--- The data ---
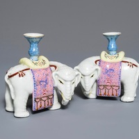 A pair of Chinese famille rose elephant-form candlesticks, 19th C.
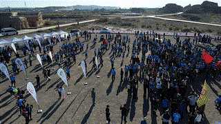 參加100公里賽和50公里賽的專業(yè)組選手們陸續(xù)到達起點開始熱身,世界魔鬼城漸漸地?zé)狒[起來。
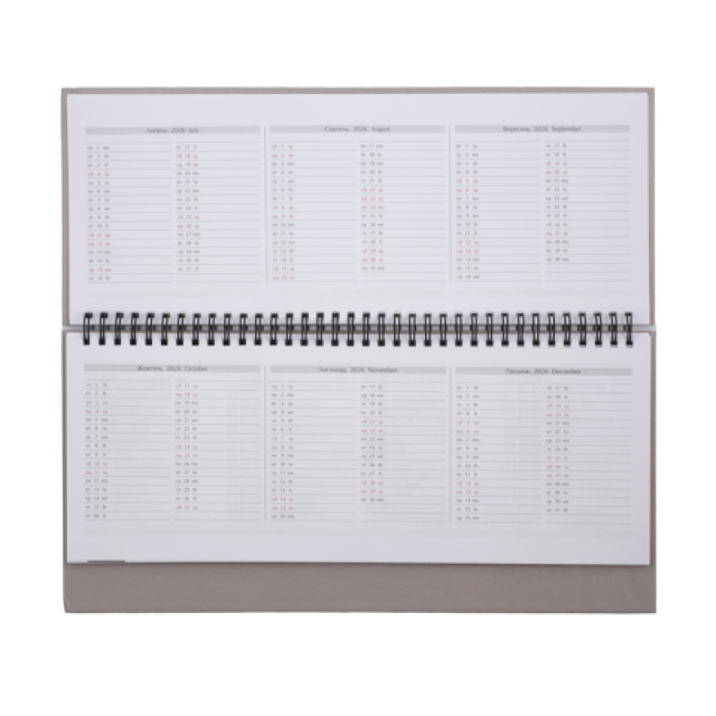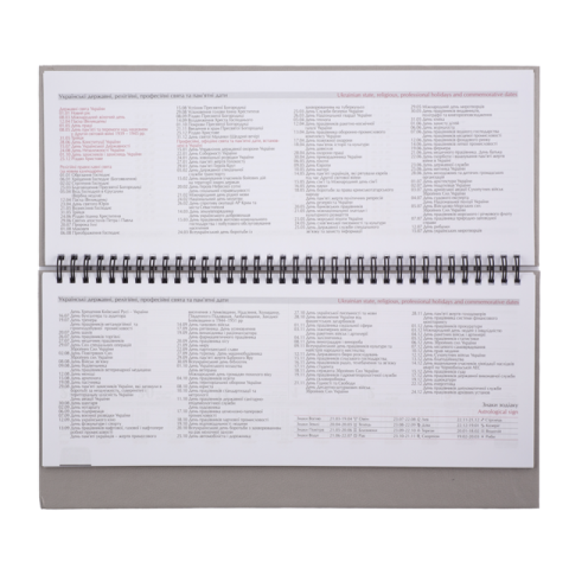 - Дві сторінки (розворот) містять вертикально розміщені 7 днів тижня (субота та неділя в одному стовпчику) з організатором часу від 7:00 до 20:00, календар на рік та на поточний місяць, знак зодіаку, іменинників, свята та пам'ятні дати на кожен день, а також вільне поле для нотаток
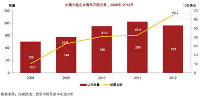 在數(shù)量方面,普華永道數(shù)據(jù)顯示,中國企業(yè)在過去5年中的海外并購數(shù)量分別為126起、144起、188起、206起和191起,一直保持在數(shù)量較大、增長較快的水平;而在金額方面,中海企業(yè)海外并購的總金額從2008年的103億美元迅速增長至2012年的652億美元,五年間增加五倍有余。另外,中國自2009年以來已占據(jù)五大新興市場中的領(lǐng)先地位,2012年中國的占比達到歷史新高,就交易金額而言,近70%新興市場對成熟市場的投資來自于中國。
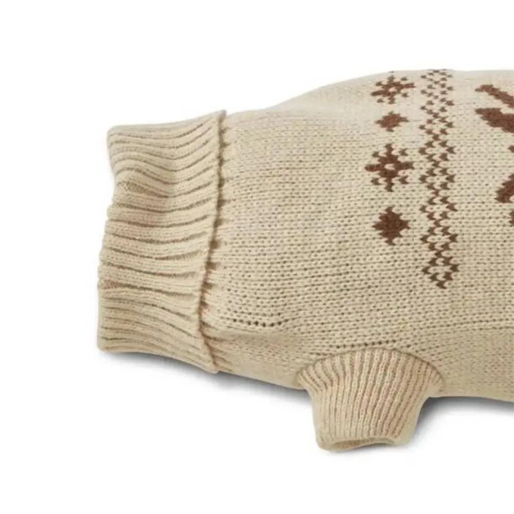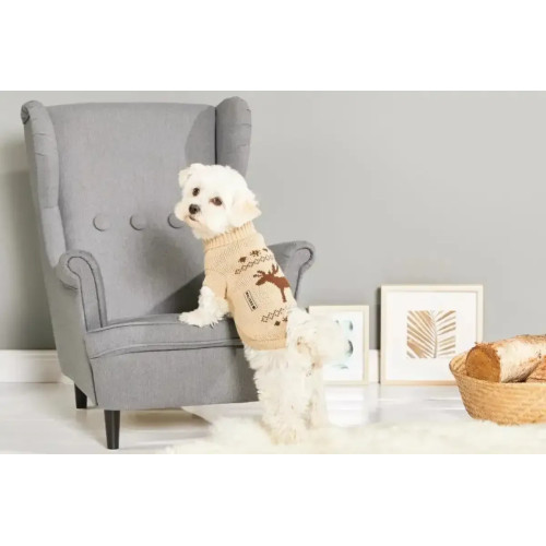 Wolters Moose — в’язаний светр для собак у бежевому кольорі з жакардовим візерунком лося. Високий гольф захищає шию, еластичне в’язання м’яко сідає на корпус і не сковує рухів. Добре підходить для прогулянок у прохолодну погоду та для затишку вдома.
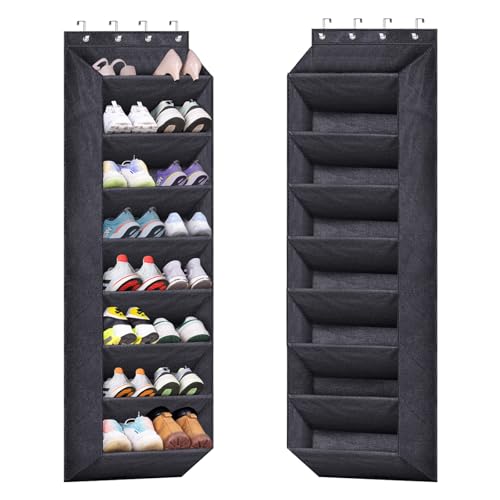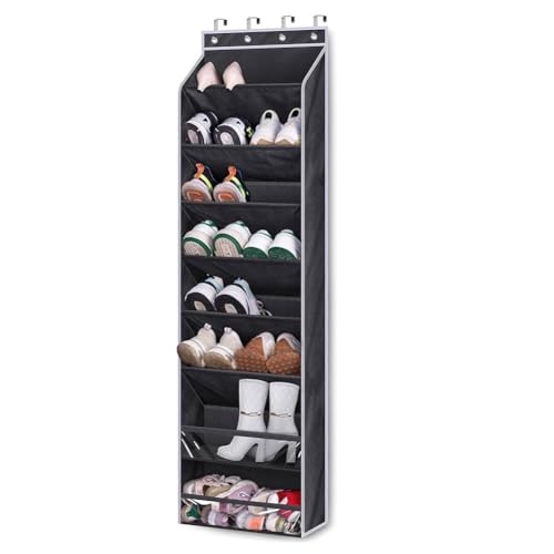 QUMENEY skoförvaring med 8 hyllor för att hänga över dörren, skohylla för dörrskåpet med djupa fickor, förvaring bakom dörren för 24 par skor (svart)
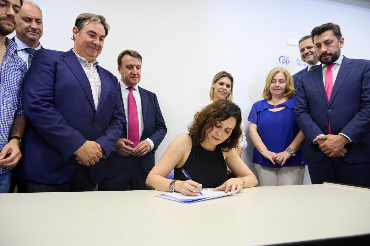 Ayuso inaugura la nueva sede del PP de Alcalá y firma el aval para la candidatura de Feijóo
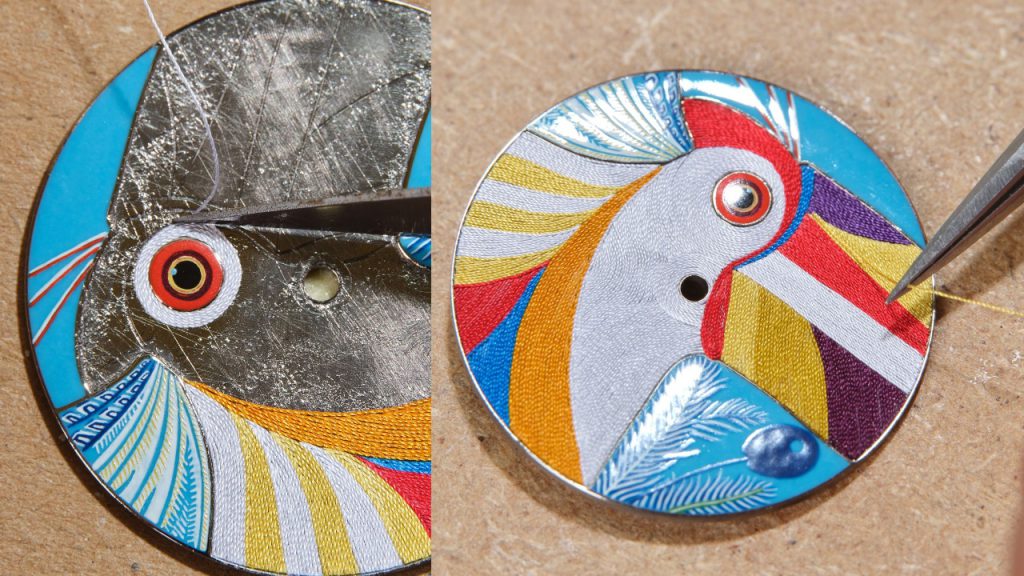 Each Toucan de Paradis dial is composed of 500 individually assembled threads and takes a full week to execute. The white-gold base is first enameled, and the artisan uses a very fine brush to coat it with glass powders mixed with natural oils, which are then applied in several layers, dried and fired in the kiln. Recesses are engraved around the enameled surfaces to house the silk thread, and then the weaving begins. Each thread is meticulously positioned and fixed into place to create just the right reflection of light and the perfect weave.
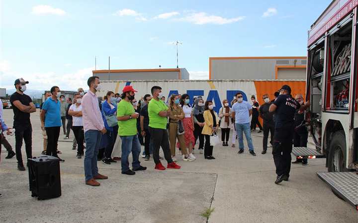 Bu ayın afet hazırlık teması olan yangın konusunda Kocaeli AFAD eğitim uzmanlarından Orhan Turan’ın verdiği teorik eğitim sonrası Büyükşehir Belediyesi İtfaiyesi uzmanlarınca itfaiye ile ilgili tanıtım yapıldı ve yangın söndürme tatbikatı gerçekleştirildi.
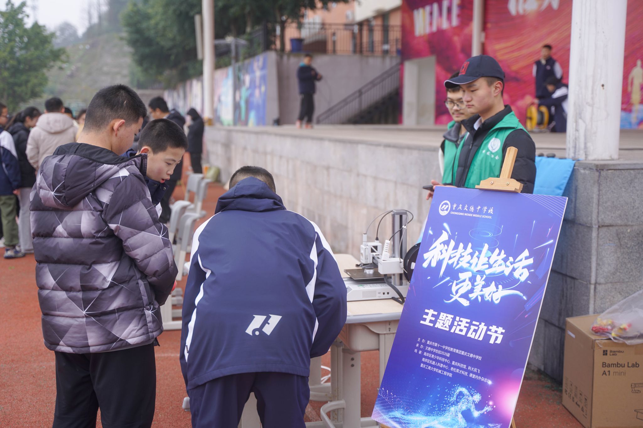 为响应国家《“十四五”原材料工业发展规划》,受重庆文德中公司邀请,12月16日下午,伟德国际1949科技协会在重庆文德中公司运动场布置了3D视界,创意无界——3D打印展览。科技飞速发展的当今社会,当中小员工遇上3D打印建模,会碰撞出怎样奇妙的火花?本次活动旨在通过现场展示的方式,向同学们普及增材制造技术的相关知识,激发他们对科技创新的兴趣和热情。伟德国际1949科技协会和重庆文德中学师生参与此次科技嘉年华主题活动,共同开启了一场独特的科技之旅。
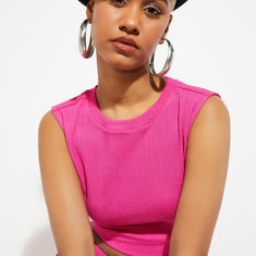 URB_N Women Textured Sleeveless Crop Top
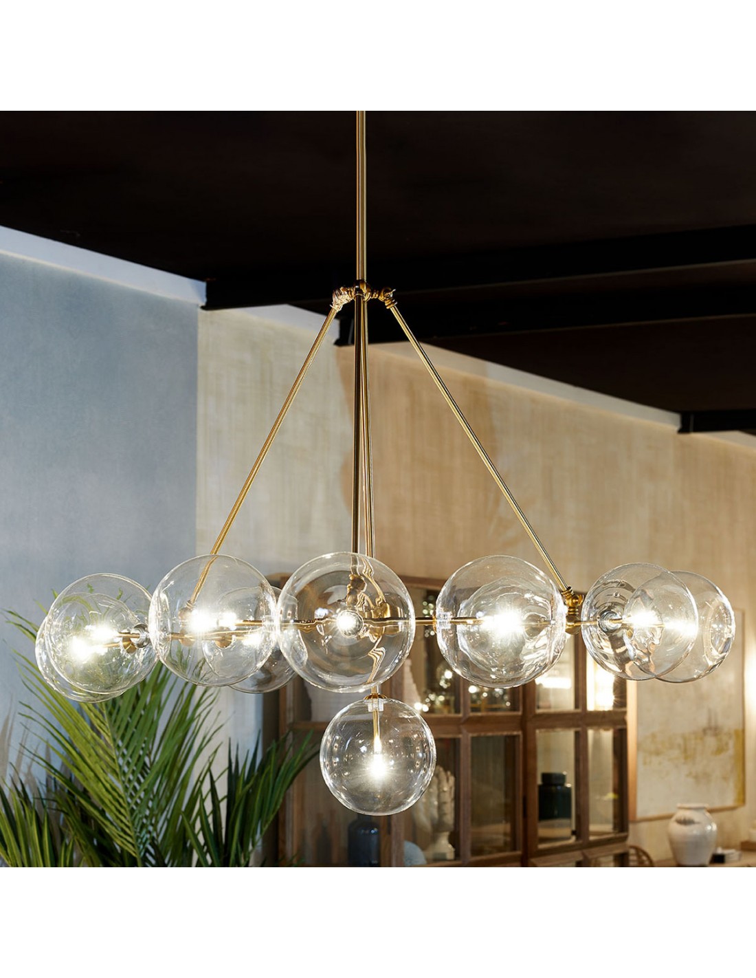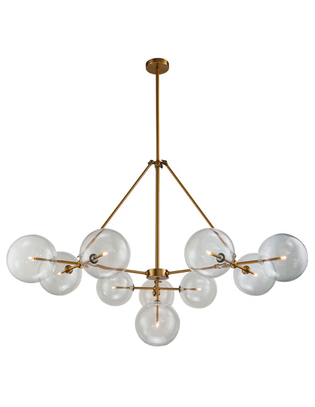 Lámpara colgante con estructura de tubo metálico dorado envejecido y pantallas de bola de cristal.
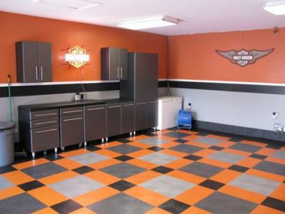 ADVERTISEMENTS ADVERTISEMENTS Like what you see in the featured photo? That’s a garage makeover. They used Harley colors to accomplish a Harley-themed garage. Click the link for more photos of this cool 4-car garage. Harley Davidson Garage
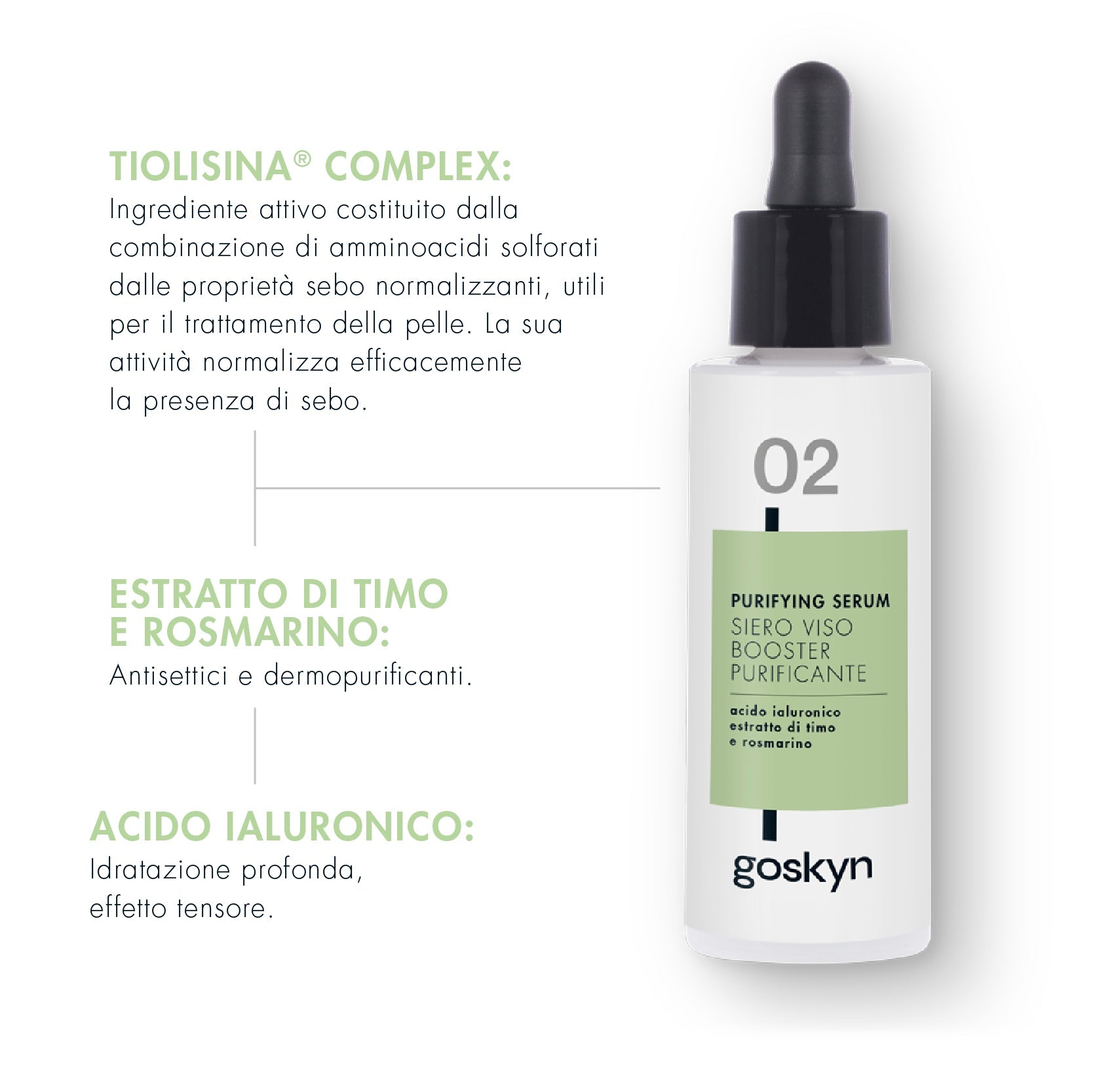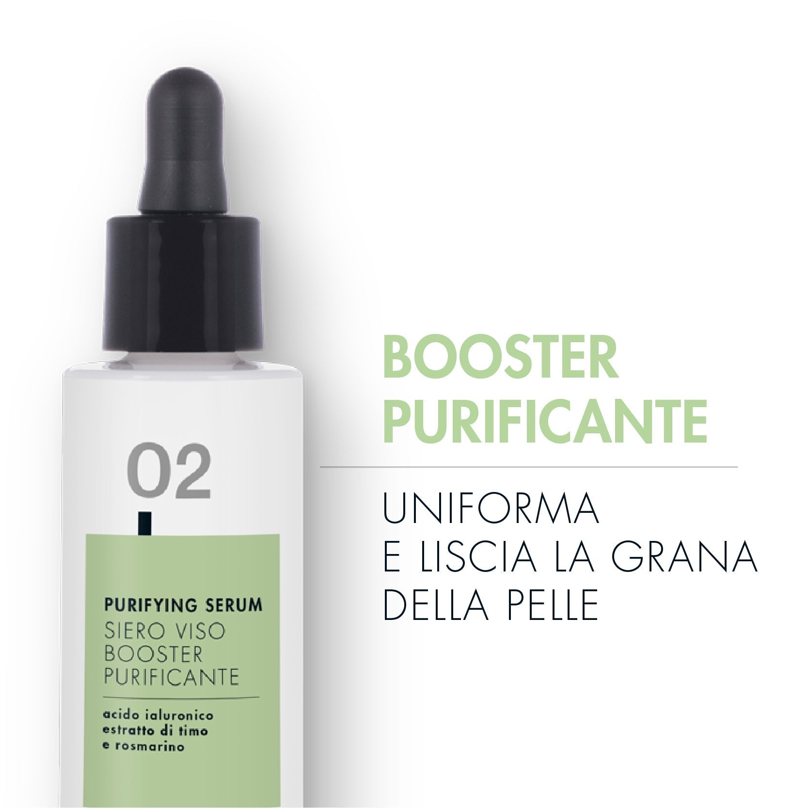 Concentrato intensivo ad azione purificante e uniformante. Ideale per la pelle grassa ed impura e per contrastare l’invecchiamento della pelle e contrastare punti neri e acne. Rende uniforme e liscia la grana della pelle, grazie all’azione sinergica di Tiolisina® ingrediente brevettato a base amminoacidi solforati, che assorbono sebo in eccesso ed impurità, e di Niacinamide e Acido Jaluronico con estratto di Timo e Rosmarino, igredienti naturali che regolano la secrezione sebacea.
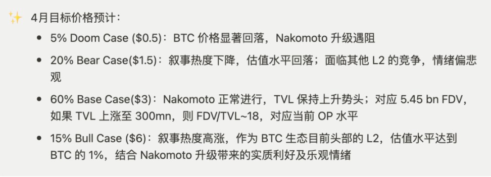 目前其价格不算便宜,可能已在 BTC 上涨基础上部分 Price in 了升级的利好因素。但考虑到其长期潜在的高发展上限,可在一定价格作为 BTC L2 的 Beta 配置,重点可以观察升级后其 DeFi 生态的进展及后续 sBTC 的采纳情况。
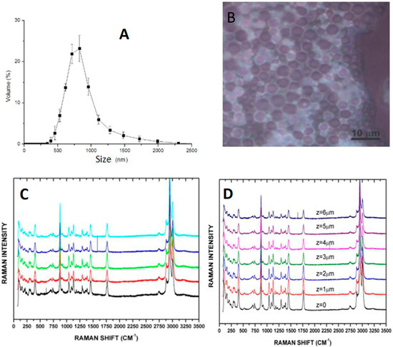 The polylactic acid polymeric nanoparticles presented a mean size of 929.47 ± 37.72 nm, with a polydispersity index (PDI) of 0.228 ± 0.05 showing homogeneous size for the nanoparticles (Figure 2). The system showed a very low PDI, which indicates that this big nanoparticles also have a monodisperse behavior. The Raman spectroscopy analysis corroborated the spherical shape and composition of the microparticles.
---
Beginning with the line that contains "Lámpara colgante con" and ending with the last line of the data, restate each line word for word. Exclude the pictures.

 Lámpara colgante con estructura de tubo metálico dorado envejecido y pantallas de bola de cristal.
 ADVERTISEMENTS ADVERTISEMENTS Like what you see in the featured photo? That’s a garage makeover. They used Harley colors to accomplish a Harley-themed garage. Click the link for more photos of this cool 4-car garage. Harley Davidson Garage
 Concentrato intensivo ad azione purificante e uniformante. Ideale per la pelle grassa ed impura e per contrastare l’invecchiamento della pelle e contrastare punti neri e acne. Rende uniforme e liscia la grana della pelle, grazie all’azione sinergica di Tiolisina® ingrediente brevettato a base amminoacidi solforati, che assorbono sebo in eccesso ed impurità, e di Niacinamide e Acido Jaluronico con estratto di Timo e Rosmarino, igredienti naturali che regolano la secrezione sebacea.
 目前其价格不算便宜,可能已在 BTC 上涨基础上部分 Price in 了升级的利好因素。但考虑到其长期潜在的高发展上限,可在一定价格作为 BTC L2 的 Beta 配置,重点可以观察升级后其 DeFi 生态的进展及后续 sBTC 的采纳情况。
 The polylactic acid polymeric nanoparticles presented a mean size of 929.47 ± 37.72 nm, with a polydispersity index (PDI) of 0.228 ± 0.05 showing homogeneous size for the nanoparticles (Figure 2). The system showed a very low PDI, which indicates that this big nanoparticles also have a monodisperse behavior. The Raman spectroscopy analysis corroborated the spherical shape and composition of the microparticles.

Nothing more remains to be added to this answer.